Friday 23 March 2012

Boredboredboredboredbored

If you haven't already got the gist of this post from the title, then I encourage you to see a brain doctor for a CAT scan.

As you may or may not have guessed (see above statement), I am pretty much bored out of my wits. This stems from the fact that I get to go and see 'The Hunger Games' tomorrow. As such, time moves very slowly for me at present - relatively speaking, of course - and robs me of the spectacular imaginative streak that I like to utilise to think of things to do.

Being bored isn't necessarily a case of having nothing to do. This is made fairly obvious to a body when he or she is sitting at a desk at work, bored with typing up a report. There is, quite obviously, something to be doing, however that doesn't banish boredom from the equation. In my case, this is doubly true. There are people I could be talking to, work I could be doing, things to be writing, movies to be watching - and yet I don't do any of these. I would tell you that I'm simply posting to illuminate those in darkness and talk to those willing to listen, but that would be a load of poetic drivel. Not to mention it being a lie.

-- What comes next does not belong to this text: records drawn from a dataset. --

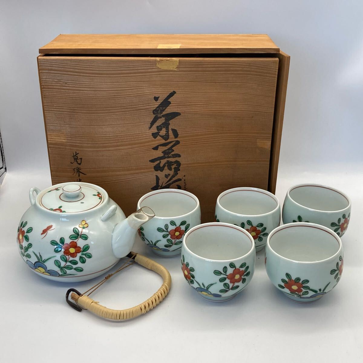 - M0823703B 茶器揃 茶器セット 萬珠造 湯呑 湯呑み茶碗 急須 萬珠堂 茶器 工芸品 煎茶道具 茶道具 当時物 中古品 現状品
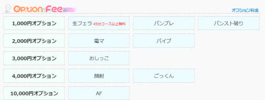 オプションは「1,000円:生フェラ(45分コース以上無料)・パンプレ・パンスト破り」「2,000円:電マ・バイブ」「3,000円:おしっこ」「4,000円:顔射ごっくん」「10,000円AF」となっています。
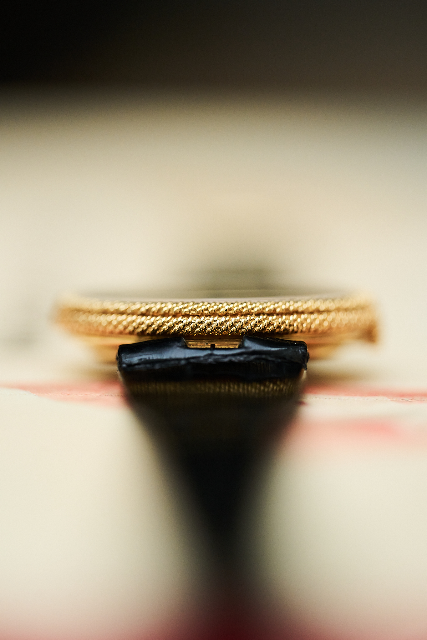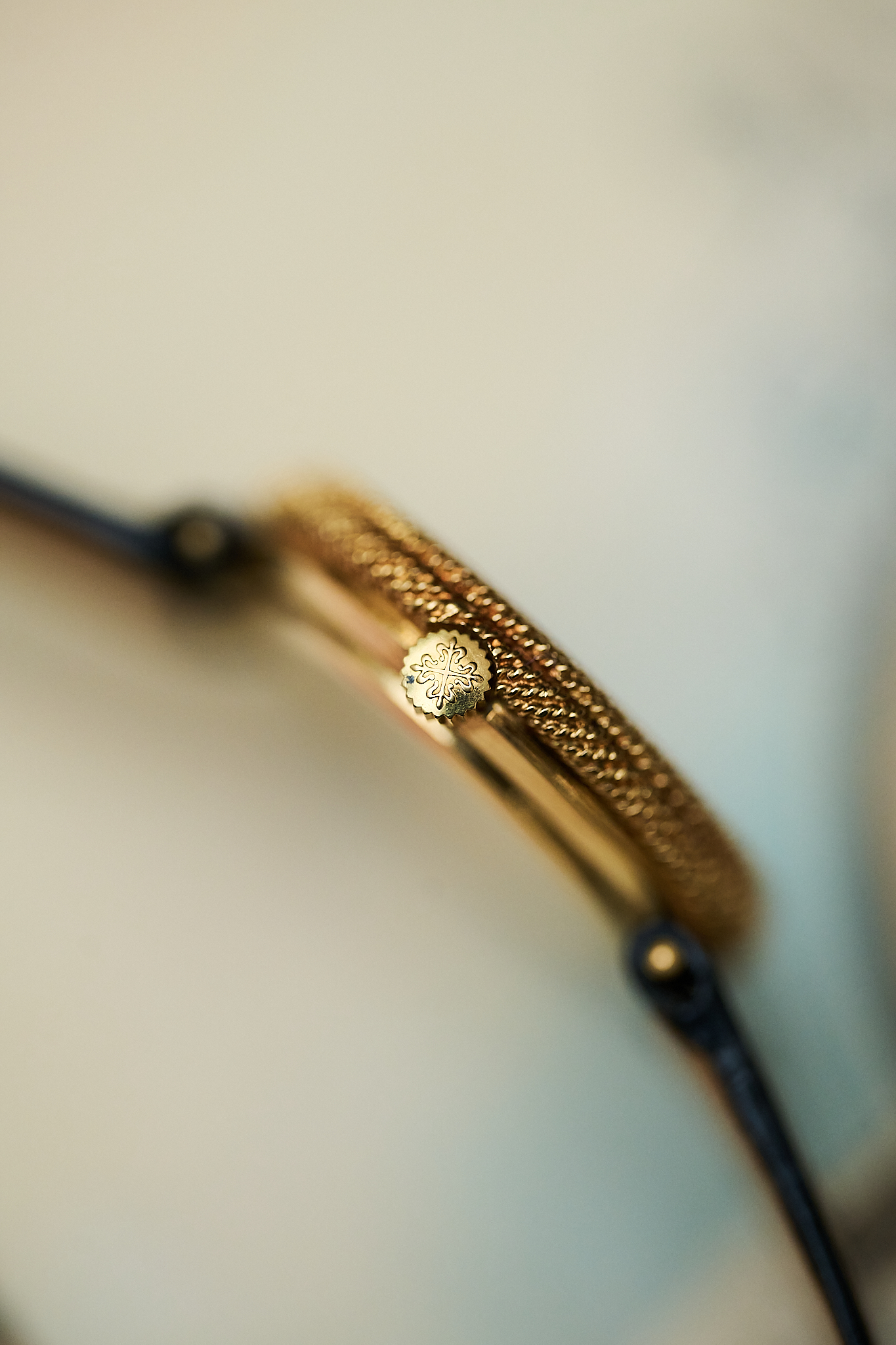 An elegant and quietly rare ladies’ Ellipse, the reference 4290 captures the restrained glamour of mid-century Patek Philippe design. Its distinctive yellow gold case is defined by a finely executed rope-like bezel - a delicate flourish that adds texture and depth to the watch’s classical form.
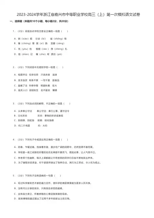 2023-2024学年浙江省嘉兴市中等职业学校高三(上)第一次模拟语文试卷一、选择题(本题共10个小题,每小题2分,共20分)1.(2分)词语加点字的注音全正确的一项是( )A.硝(xiāo)烟 分泌(bì) 省(shěng)悟B.憧(chóng)憬 蹊(xī)跷 宝藏(zàng)C.忧(yōu)伤 粗糙(cāo ) 挣(zhēng)扎D.惦(diàn)记 嘱(zhǔ)咐 漂泊(pō)2.(2分)下列词语中无错别字的一组是( )A.相提并论 任劳任怨 汗流夹背 渲泄B.变本加厉 有条不紊 一泻千里 副食品C.直截了当 毕恭毕敬 明查秋毫 宏大D.脍炙人口 诩诩如生 名不副实 爆躁3.(2分)下列加点词的解释,不正确的一项是( )A.从来奉公守法 奉公守法:奉行公事,遵守法令B.文化形态 形态:事物的形状或表现C.别烦躁,别起急 烦躁:烦闷急躁D.约二斤鸡蛋 约:大约4.(2分)下列句子中成语运用正确的一项是( )A.初春,乍暖还寒。
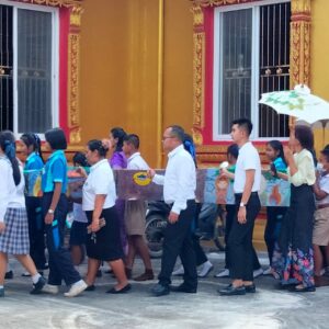 วันอังคาร ที่ 11 กุมภาพันธ์ พ.ศ. 2568 นางสาวจินตนาพร แจ้งขาว ผู้อำนวยการโรงเรียนบ้านวังพระเคียน มอบหมายนางพิชานัน ทวีกายุจันทร์ และนางวารินทรัตน์ จองเดิน นำนักเรียนเข้าร่วมกิจกรรมวันมาฆบูชาและพิธีแห่ผ้าห่มพระธาตุเจดีย์ศรีสตูล ณ พระธาตุเจดีย์ศรีสตูล วันนิคมพัฒนาราม (ผัง 7) ตำบลนิคมพัฒนา อำเภอมะนัง จังหวัดสตูล
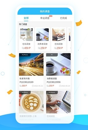 平台每日上线大量新调查,用户可根据个人当前状况,选择适合的问卷进行作答。
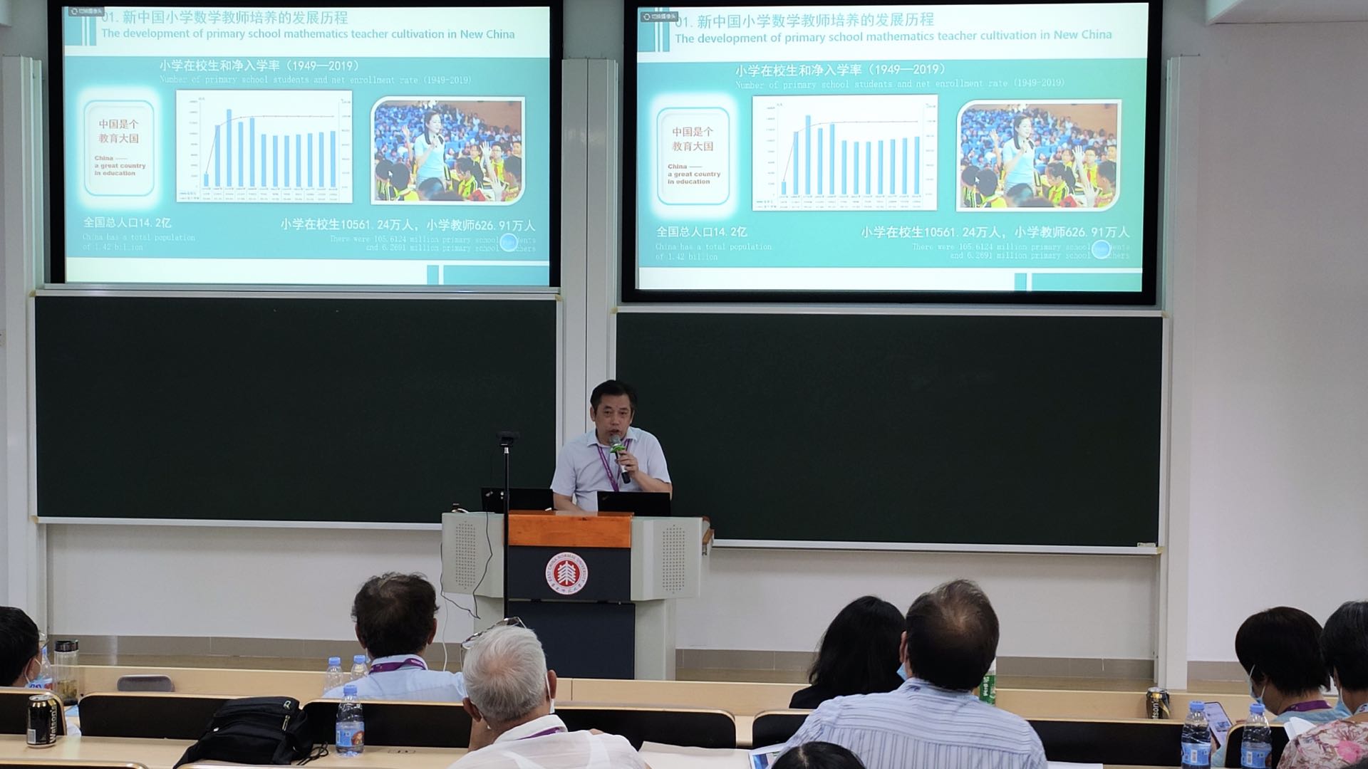 王志刚副校长应邀参加了“小学数学教师职前培养的中国特色”这一团队的研究成果汇报。本专题由“主题汇报”和“现场问答”两个环节组成,“主题汇报”分为开篇部分和培养模式、课程体系、教材建设、培养策略、培养成效等五个模块。王志刚副校长承担了开篇部分和第一模块“培养模式”的汇报。他凭借自己深耕数学教育40年的丰富积累,查阅考证了大量文献史料,通过全面回顾新中国小学数学教师培养的发展历程,提炼总结了中国小学数学教师培养的六大特色,以“小学数学教师培养模式”为题向大会作了精彩汇报,受到与会专家同行的关注和赞誉。

Several things occur to me in this moment.
  1. I am not doing any work (N.B. I don't consider blogging work), though I could be making use of this time to do so. This is because I simply cannot be bothered.
  2. I'm not outside, chasing a ball in a pointless excercise. This is because I can actually spot that there is no point in this activity as I am an overthinking, condescending being of complete and utter laziness. From that statement, you may extrapolate another conclusion as to why I'm not playing football or otherwise excercising.
  3. I'm not making harmonic music with my instruments, for one of them is being borrowed from someone else as the original is getting fixed and I don't like the one I've been loaned and the other requires me to connect some cables into the input and output jacks of the guitar and amplifier and I simply cannot be bothered with it. Plus, the clarinet needs assembling and I'm not in a constructive mood right now.
  4. I could be writing the next great classic of literature, but I appear not to have a Microsoft Word or Celtx file open. This is because my imagination is kaput and I have no inclination to do any work at all. Note the use of the word 'inclination' rather than 'inspiration'. I have plenty of inspiration, but next to none of the former.
Because it requires effort to do any of the listed activities, I'm not going to partake in any of the above. Instead, I'm now going to type simply what's coming into and exiting my head as and when it does so.

Message begins: BoredboredboredboredHungerGamesHungerGamesHungerGames - I'm hungry. Pizzapizzapizzapizza. Forearm. Why is it there? Bite forearm. Ouch. Gertrude. Why'd I think that? I don't even know anyone called Gertrude, asides from that cow. Squirrel. Running, leaping, flopping, eating. Pizzapizzapizzapizza. ZZZZZ. Zedzedzedzedzed. That is how it must be said. Woo... I'm a ghost. No I'm not, I'm alive and kicking - no, wait, typing - simply typing. Typin' in ma boots. Boots. Durable, hardy, rubber. Blackbury. Johnny and the Dead. Terry Pratchett. Sure thing, bruv. Deathy Hallows, Part 1. Deathly Hallows, Part 2. Ex-girlfriend. Why did I think that? Rock, paper, scissors, lizard, Spock.

And that concludes my thoughts for today.

I'm off to be bored and play Mancala.